— Перестань, Ника, прошу тебя. Это в конце концов… А если со мной что-нибудь? Или с Севкой? Зачем ты травишь себя и меня? Перестань, пожалуйста, — он прижал машину к обочине, выключил зажигание. — Значит договорились: никаких отсебятин. Да? Итак идём на авантюру.
— Я никогда так далеко не улетала. Прости меня.
— Это ты меня прости. Ника… Ника… Ника… — и опять у него не получилось сказать то, что жгло мозг и сжимало сердце. Ах, если бы она ему помогла, хоть как-то, хоть чем-то, как помогала всегда, во всём, во всех случаях жизни, ещё совсем недавно. Ну хоть одним движением, взглядом, словом… Сказала бы: «Ну что ты заладил как дурной попугай — Ника, Ника? Ну да, Ника, и дальше что, нечего сказать?» Ах, как бы он заорал в ответ во всю мощь своих небогатых голосовых связок: «Есть! Есть что сказать, Никочка! Есть!!! И так много есть, что сразу и не выскажешь! Но я непременно выскажу, дай срок, дай только срок, и я буду говорить, и никто, и никакая сила меня не остановит…»
Но Вероника смотрела в окно, молчала, и никто, и никакие слова ей были не нужны. И он сказал:
— Значит договорились: никаких отсебятин, а то я тебя знаю. И так идём на авантюру, тем более что я почти уверен: шубы — это ширма. Там что-то другое. А вот ЧТО — пусть наше любимое ГБ разбирается, раз они на это дело свой глаз положили. Нам дай бог разобраться, кто и за что Гривина убил. С Интерполом Клеопарта договорилась — тебя встретят.
— Почему ты называешь её Клеопартой? — с трудом сдерживая слёзы, спросила жена.

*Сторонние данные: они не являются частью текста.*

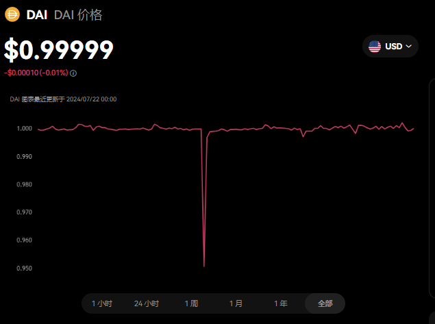 DAI价格表现(美元)
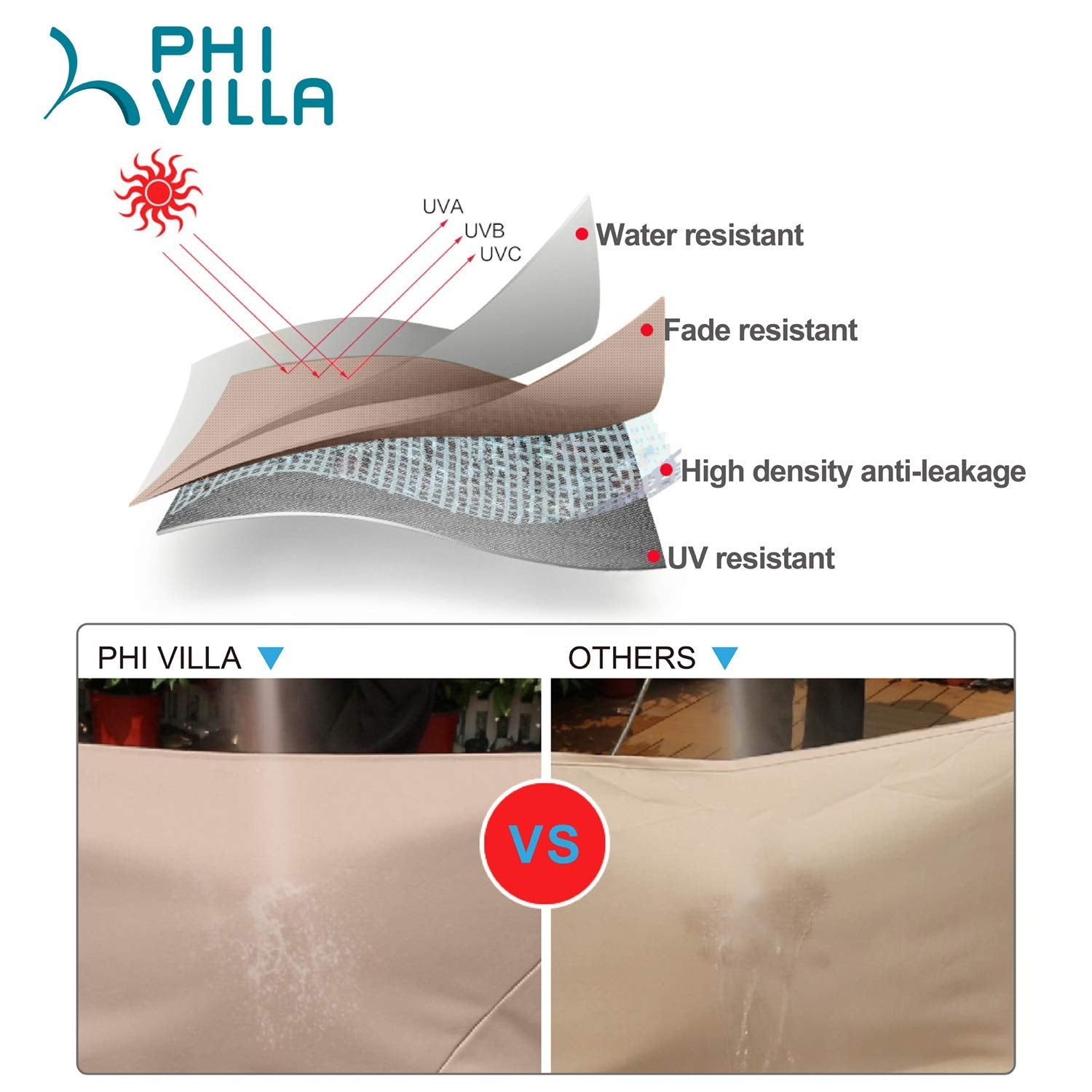 - 100% Polyester Canopy: PHI VILLA double sided outdoor umbrellas canopy are made of 100% polyester fabric that can be water-resistant, breathable, long lasting, fade resistant, UV protective and easy to clean
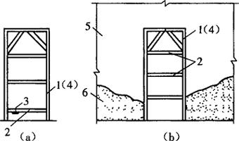 图9-23 预制承重外墙板和非承重内纵墙板及内墙采用现浇的施工程序 2.施工工艺 (1)抄平放线 抄平放线工作是确保墙体位置正确、进行安装模板的标准,主要包括轴线、墙身线、模板就位线,门口、隔墙、阳台位置及抄水平线等。 大模板在安装之前,应将轴线从标准轴线桩引至外墙上口,再引至楼板面作为楼面轴线的依据;根据轴线放出内外墙的轴线,弹出墙身线、模板的就位线,作为安装大模板的依据,同时弹出门窗洞口、隔墙、阳台等的安装线。 每幢建筑物在适当位置应设置1~2个标准水平桩,作为施工标高控制的依据。在安装大模板前,将水平标高引测到建筑物的第一层墙上,作为控制水平线,各楼层的标高均应以此线为基线,用仪器或钢尺引测上去,每个楼层设两条水平线,一条离地面50cm,供装修工程使用;另一条距楼板下皮10cm,用以控制墙体顶部的找平层和楼板安装标高。另外,有时需要在墙体钢筋上也弹上水平线,用以控制大模板安装的水平度。 (2)绑扎钢筋 大模板施工的墙体宜用点焊钢筋网片,网片间的搭接长度和搭接部位均应符合设计中的规定。点焊好的钢筋网片在堆放、运输和吊装过程中,应采取措施防止钢筋产生弯折变形和点焊脱落。上下层墙体钢筋的搭接部分应当顺直,并绑扎牢固。双排钢筋网片之间应设置绑扎定位连接钢筋;钢筋与模板之间应绑扎砂浆垫块,其间距不宜大于1m,以确保钢筋位置准确和墙体保护层厚度。 在外墙模板安装前,应将两侧伸出的钢筋套环理直。在外墙模板就位后,两块外墙模板的套环和内墙的钢筋套环应重合,将本层的竖向钢筋插入内外墙重合的套环内,对每块外墙板和内墙,插入的套环不得少于3个,并确实绑扎牢固。 (3)大模板的处理与安装 大模板进至安装现场后,首先应做好模板安装前的一切准备工作。认真核对模板型号、清点数量,在模板背面进行编号;在模板就位前,应认真涂刷脱模剂,将安装位置的楼面清扫干净,检查墙体中心线和模板就位线,待一切准确无误后方可进行安装。 在安装模板时,应按照预先编排的顺序吊装,按墙身线就位,并通过调整地脚螺栓,用靠尺等方法反复检查校正模板的垂直度。在内外侧模板合模前,还应检查墙体钢筋、水暖电器管线、预埋件、门窗洞口模板和穿墙螺栓套管等,是否还有遗漏、位置是否正确、安装是否牢固、是否影响墙体强度等,并彻底清除模板内的杂物。 模板经过校正合格后,在模板顶部安放上口卡子,并紧固穿墙螺栓或销子。在紧固时要注意紧固适度,不可过松或过紧。为防止墙体出现漏浆烂根现象,在模板就位固定后,其周边的缝隙要用小角钢、窄钢片、木条等材料堵严。为防止模板下部漏浆,还可以采用预先在安装模板位置抹水泥砂浆找平层,待砂浆凝固后再安装模板。 门口模板的安装方法有两种:一种是先立门洞,后安装门框;另一种是直接立门框。 在采用先立门洞的方法时,如果门洞的设计位置固定,则可在模板上打眼,用螺栓固定门洞模板比较简便;如果门洞设计位置不固定,则可在钢筋网片绑扎完毕后,按设计位置将门洞模板钉上钉子,与钢筋网片焊在一起固定。模板框中部均需要加设三道支撑(图9-24),前后两面(或一面)各钉一木框(用5cm×5cm方木),使模板框侧边与墙的厚度相同。在拆除模板时,拆掉方木和木框。这种方法的模板框比较牢固,但在浇筑混凝土时,要注意两侧的混凝土浇筑高度大致相等,不得超过50cm,振捣时要注意附近挤动模框。先立门洞的缺点是拆模比较困难,门洞周围后抹的灰砂易出现开裂和空鼓。

— Потому что по-другому мне не выговорить, — ответил муж. Он завёл мотор, и они поехали дальше.
В аэропорту Шереметьево она сказала невпопад:
— Мне было очень хорошо с тобой.
— Я люблю тебя, — Мерин сидел неподвижно.
— Я тебя тоже… очень любила, Игорь. Очень.
Она подхватила с заднего сиденья чемоданчик, перекинула через плечо сумку и, не оборачиваясь, не в силах долее сдерживать готовые к спурту слёзы, весело, вприпрыжку побежала улетать.
Вот за что она ненавидела себя лютой ненавистью: за эти самые отвратительные слёзы, с которыми ей так до сих пор и не удавалось найти общий язык — они никогда не подчинялись её воле, возникали по собственной прихоти, когда им заблагорассудится, и жили отдельно от неё своей самостоятельной жизнью. С самого детского детства, с тех пор как она начала осознавать себя, эта подсоленная бесцветная жидкость вела себя с ней демонстративно независимо. А временами, можно сказать, — и нагло. Стоило ей оказаться в ситуации, где как никогда требовалось сохранять спокойствие, достоинство, хладнокровие или, на худой конец, просто прилично выглядеть и никого не пугать опухшей физиономией, — эта мерзкая жидкость вдруг, без объяснения причин начинала заполнять собою её глаза, мутить видимость и беззастенчиво проливаться на щёки.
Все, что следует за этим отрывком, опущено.